Prompt: The copy should run from the line containing "Ci-dessus une photo" through the last line of the entries below, exactly as written, with pictures omitted.

Records from a data collection

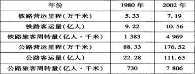 下列图表显示了我国陆路交通的部分数据。据此回答9一10题。
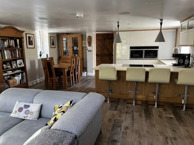 The ground floor living area offers a wonderful open plan living/ kitchen/ dining room with woodburner. The bespoke kitchen has Miele integrated appliances throughout. The lower ground floor, which is accessed via the bespoke spiral staircase offers a large living room, a guest bedroom and shower room, giving any guests complete self-sufficiency. In addition there is a utility /plant room and access to the cellar.
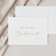 Esta delicada carta de proposta de uma dama de caligrafia em ouro é perfeita para um casamento moderno. A design romântica minimalista apresenta uma magnífica e elegante tipografia amarela ouro champanhe num fundo branco com um aspecto simples e limpo. Personalize a placa com o nome da noiva e da dama de honra. Personalize a parte traseira do cartão com uma mensagem personalizada.
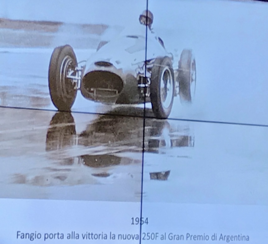 Ci-dessus une photo inédite de Fangio remportant sous la pluie avec la première 250F le Grand Prix d’Argentine 1954, photo de la collection Orsi présentée lors d’une conférence d’Adolfo Orsi Junior en 2018 à Modène. Grazie Adolfo ! J’avais photographié l’écran et je n’étais pas dans l’axe, excusez la déformation.
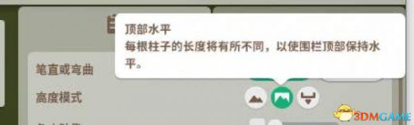 高度模式:会使围栏在放置时自动根据模式调节两根柱子的长度,以保持长度相等或实现顶部水平等。
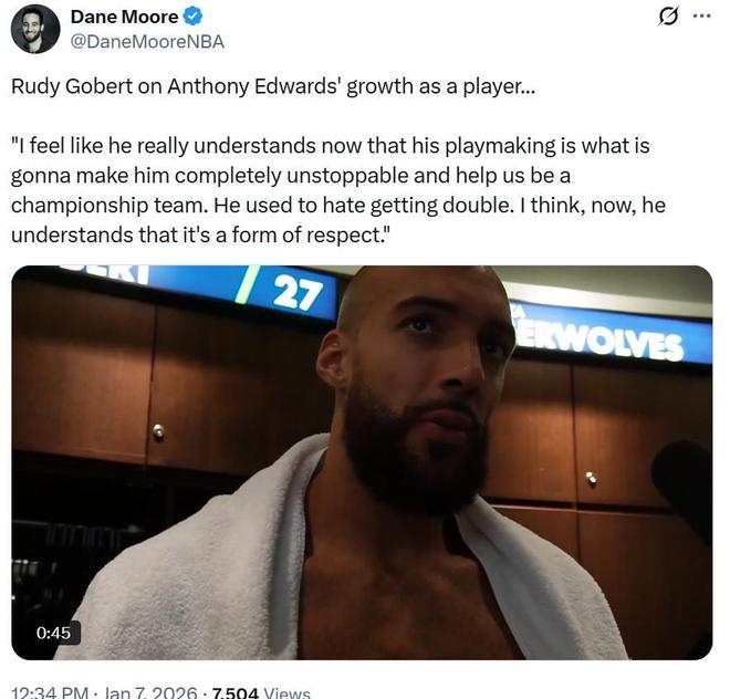 爱德华兹这样的表现也获得森林狼将帅的认可,其中戈贝尔赛后坦言:“他的比赛慢下来了,他对比赛局势的阅读能力越来越强,组织进攻能力正在让他变得无所不能,过去他讨厌被包夹,如今我想他明白了,这种被包夹的方式其实是一种尊重的表现。”

Response area:
 Ci-dessus une photo inédite de Fangio remportant sous la pluie avec la première 250F le Grand Prix d’Argentine 1954, photo de la collection Orsi présentée lors d’une conférence d’Adolfo Orsi Junior en 2018 à Modène. Grazie Adolfo ! J’avais photographié l’écran et je n’étais pas dans l’axe, excusez la déformation.
 高度模式:会使围栏在放置时自动根据模式调节两根柱子的长度,以保持长度相等或实现顶部水平等。
 爱德华兹这样的表现也获得森林狼将帅的认可,其中戈贝尔赛后坦言:“他的比赛慢下来了,他对比赛局势的阅读能力越来越强,组织进攻能力正在让他变得无所不能,过去他讨厌被包夹,如今我想他明白了,这种被包夹的方式其实是一种尊重的表现。”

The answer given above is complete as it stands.